Re: Unusual ZFS behaviour

From: Edward Sanford Sutton, III <mirror176_at_hotmail.com>
Date: Wed, 22 Nov 2023 07:27:39 UTC
On 11/22/23 00:04, Eugene Grosbein wrote:
> 22.11.2023 13:49, Jonathan Chen wrote:
>> Hi,
>>
>> I'm running a somewhat recent version of STABLE-13/amd64: stable/13-n256681-0b7939d725ba: Fri Nov 10 08:48:36 NZDT 2023, and I'm seeing some unusual behaviour with ZFS.
>>
>> To reproduce:
>>   1. one big empty disk, GPT scheme, 1 freebsd-zfs partition.
>>   2. create a zpool, eg: tank
>>   3. create 2 sub-filesystems, eg: tank/one, tank/two
>>   4. fill each sub-filesystem with large files until the pool is ~80% full. In my case I had 200 10Gb files in each.
>>   5. in one session run 'md5 tank/one/*'
>>   6. in another session run 'md5 tank/two/*'
>>
>> For most of my runs, one of the sessions against a sub-filesystem will be starved of I/O, while the other one is performant.
>>
>> Is anyone else seeing this?

More details of the disk, disk controller, and FreeBSD version may be 
helpful.

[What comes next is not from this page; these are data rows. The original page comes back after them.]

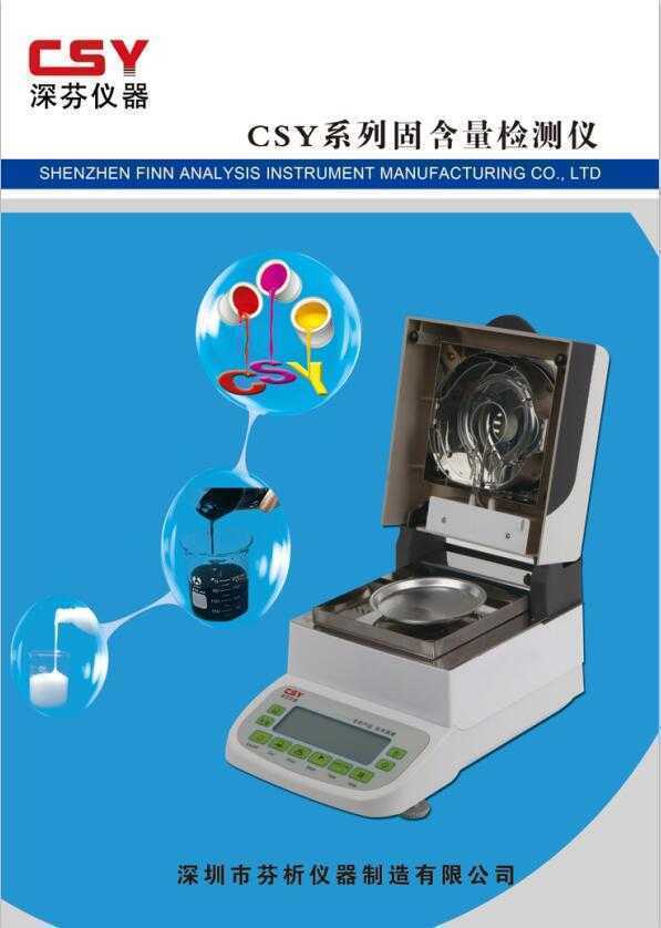 在固含量檢測領域,測量準確性和測量速度之間的矛盾一直沒有解決;針對這一現狀提供一種有烘干法結構的快速測定固含量值的儀器。CSY-G3采用德國HBM稱重系統,保證稱重準確;環形石英鎢鹵紅外線加熱源,快速干燥樣品,與國際烘箱加熱法相比,環形石英鎢鹵紅外線加熱可以在高溫下將樣品均勻地快速干燥,樣品表面不易受損,其檢測結果與國標烘箱法具有良好的一致性,具有可替代性,且檢測效率遠遠高于烘箱法,智能化操作,一般樣品只需幾分鐘即可完成測定。獲得國家知識產權保護(專利號201420090168.1)是一種新型的快速檢測儀器。
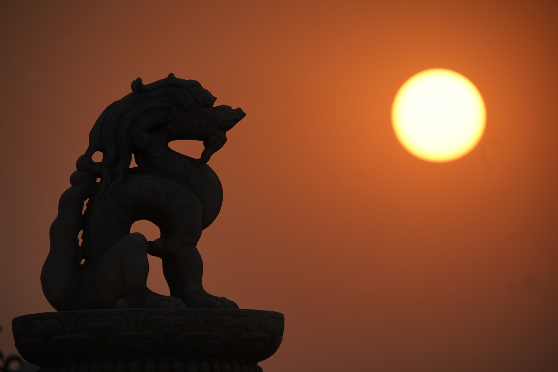 10月1日上午,慶祝中華人民共和國成立70周年大會將在北京天安門廣場隆重舉行。這是在天安門前拍攝的一輪紅日。新華社記者 邢廣利 攝
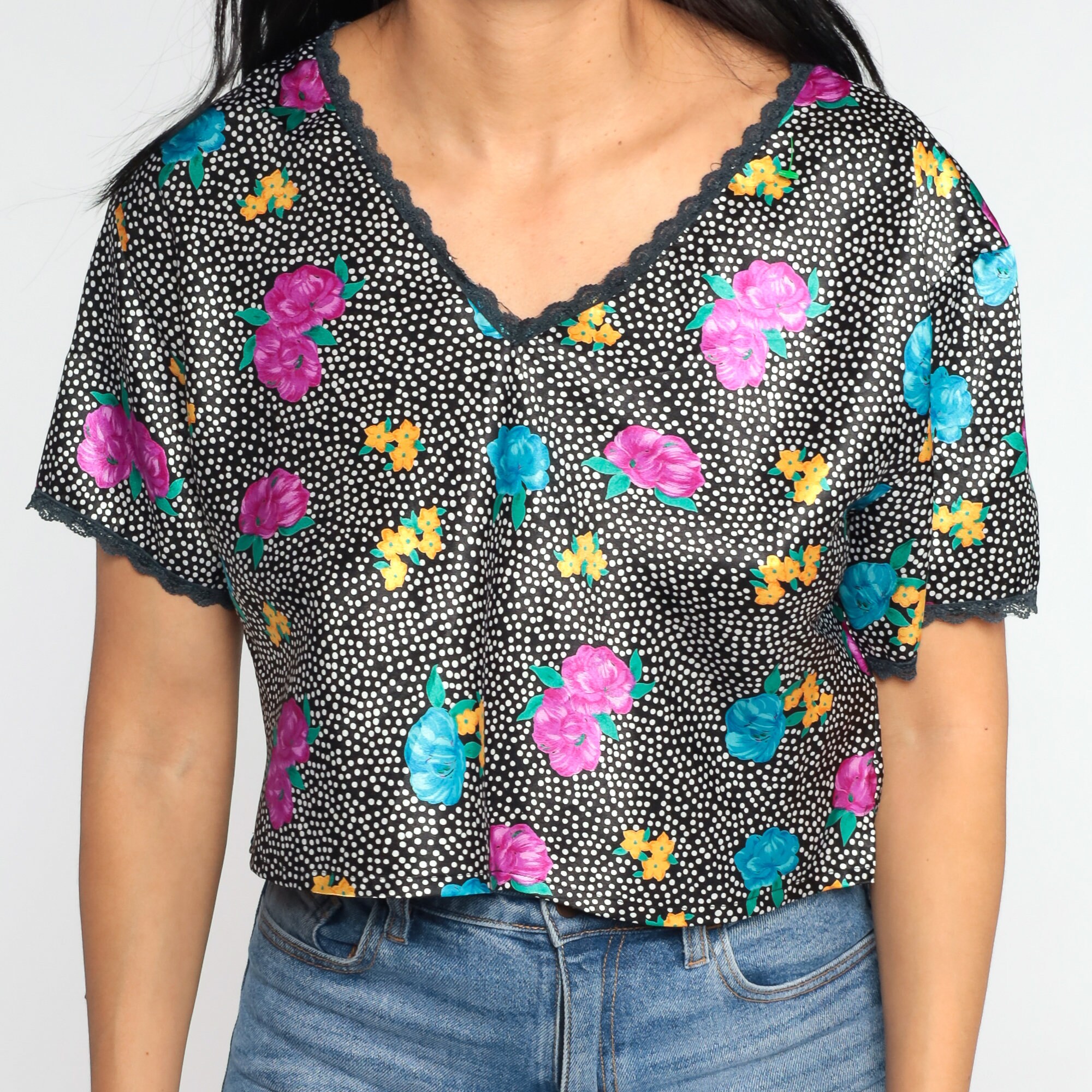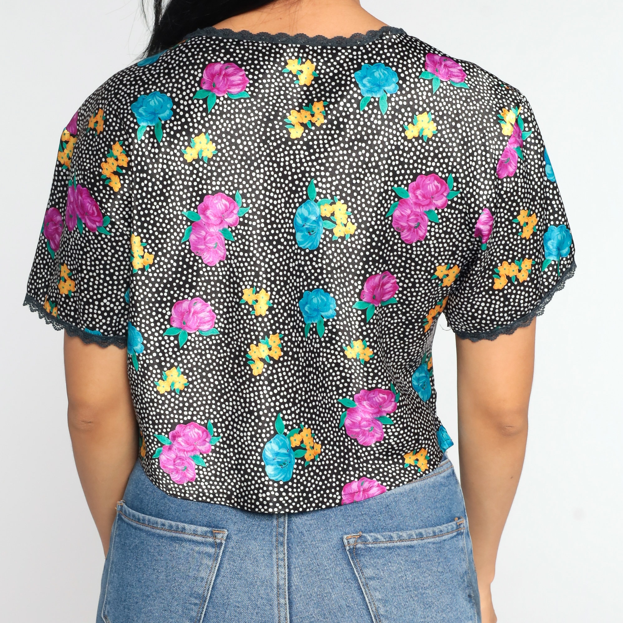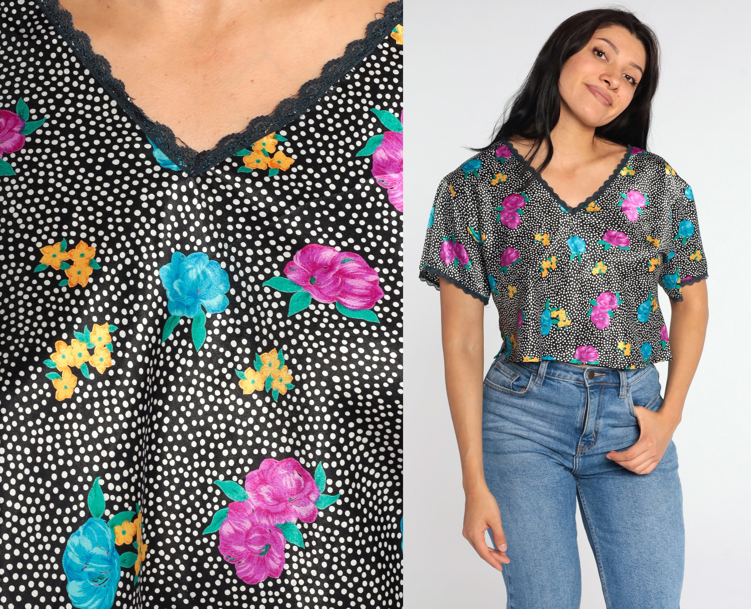 Vintage 90s shirt in black with a floral print, polka dots and lace trim.
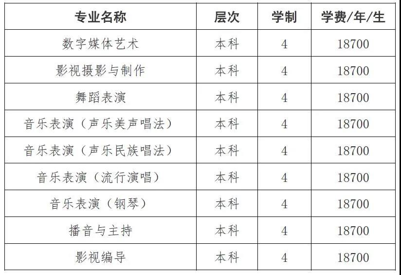 4、在思想政治品德考核合格,参加了招生体检且合格,考生高考文化成绩达到生源所在地省级招生主管部门划定的文化录取控制分数线,校考专业考试成绩合格的前提下,我校数字媒体艺术、播音与主持、音乐表演、舞蹈表演专业,考生在文化分、专业分均上线基础上,以我校专业合格成绩从高到低,择优录取;影视编导、影视摄影与制作专业按照综合成绩从高到低,择优录取。(综合成绩的换算方式(本科):综合成绩=专业折算成绩×70%+文化折算成绩×30%。
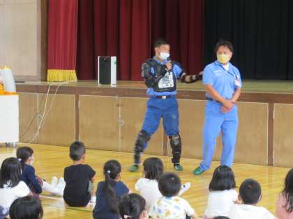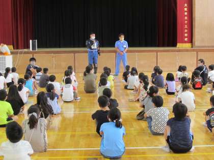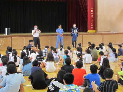 訓練のまとめには講堂に全児童が集まり、セーフティー淀川さんからお話をしていただきました。「十三小学校のみなさんは、先生の指示をよく聞いてすぐに動けていました。しかし、先生がいない状況で不審者が入ってくることもあります。大切な命を自分で守る、という気持ちをもってください。」とお話されると、子ども達は「はい!」と元気よく返事をしていました
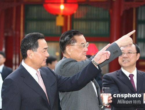 8月5日,中共中央臺灣工作辦公室、國務院臺灣事務辦公室主任王毅在北京釣魚臺賓館會見并宴請出席北京奧運會開幕式的中國國民黨榮譽主席連戰一行。中新社發 廖文靜 攝
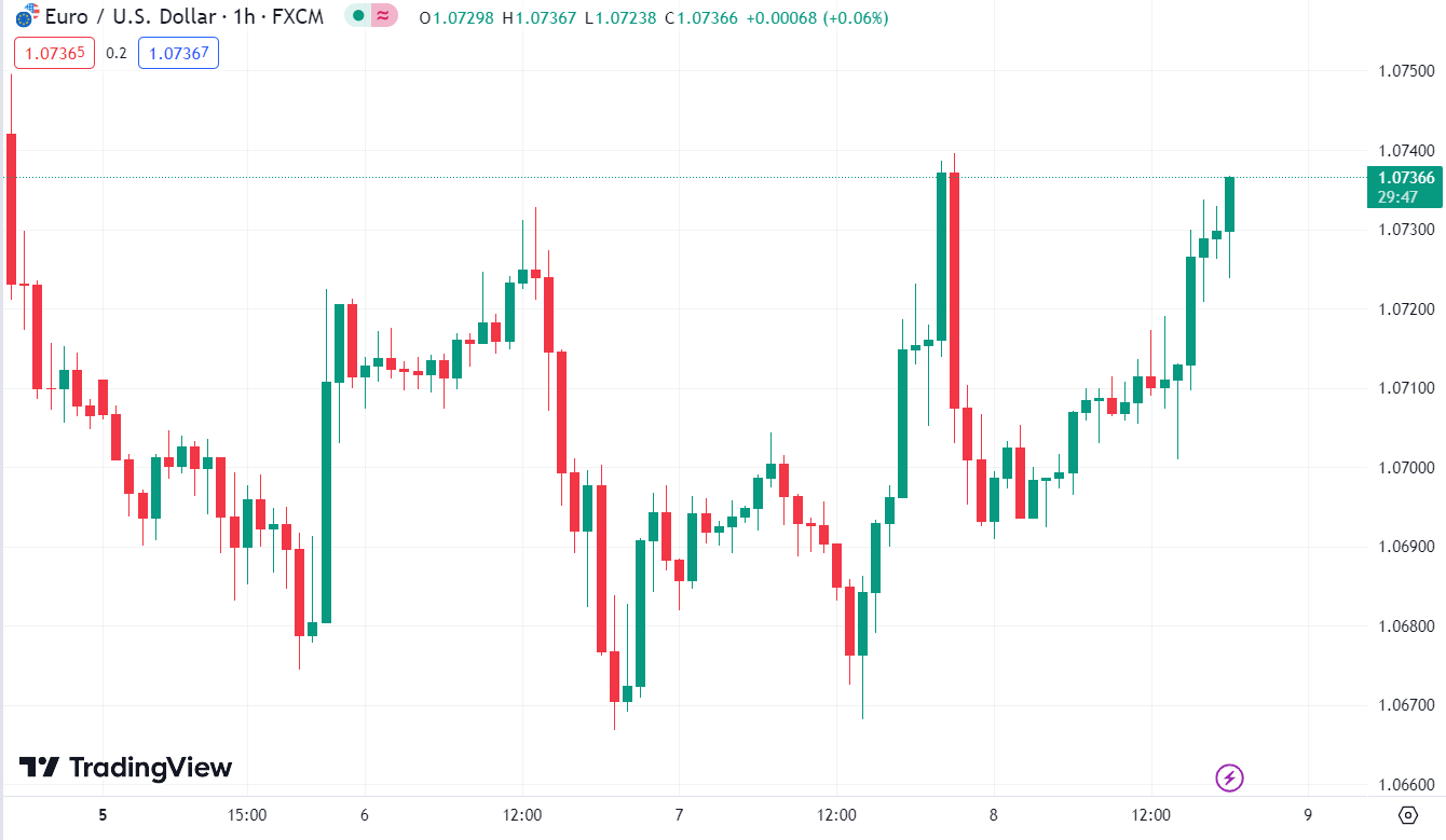 EURUSD tiếp tục tăng trong phiên Âu, hiện đang dao động quanh mức 1.07366.

If it is SATA, maybe there is impact form its own organizing of 
when to handle the queue of tasks it is given in addition to what 
FreeBSD+ZFS have assigned and OS (+ZFS if not its default) version could 
say what IO balancing is currently present/available.

> 
> Please try repeating the test with atime updates disabled:
> 
> zfs set atime=off tank/one
> zfs set atime=off tank/two

atime's impact is a write and writes get priority so if anything there 
would be 'little' breaks in the reads to write such data. I doubt the 
scenario+hardware in discussion is bottlenecking on writing atime data 
for the access of these 10GB files but it would be interesting. On the 
other hand, I think it is atime that trashes a smooth disk of freshly 
created file structure with many files after default cronjobs pass over 
it due to it + COW fragmenting the data structure to do basic things 
like list disk contents; I have not tested properly what the source of 
that repeatable issue was yet. Accessing data within the file doesn't 
seem impacted the same way as the directory listing though.

I was thinking maybe an impact with sysctl settings involving prefetch 
may impact the sequence. vfs.zfs.prefetch_disable=1 is probably the one 
I am thinking of but I normally don't tweak zfs and related settings if 
I don't have to as I usually later find the tweaks are problems themselves.

I keep my system running smoother when I put it under excessive load 
with idprio and nice being used on the heavier noninteractive load.

> Does it make any difference?
> Does it make any difference, if you import the pool with readonly=on instead?
> 
> Writing to ~80% pool is almost always slow for ZFS.

Been there, done that. It is painful but I think it is more complicated 
than just a total free space counter before that issue shows up. Other 
performance issues also exist as I've had horrible I/O on disks that 
never exceeded 20% used since being formatted.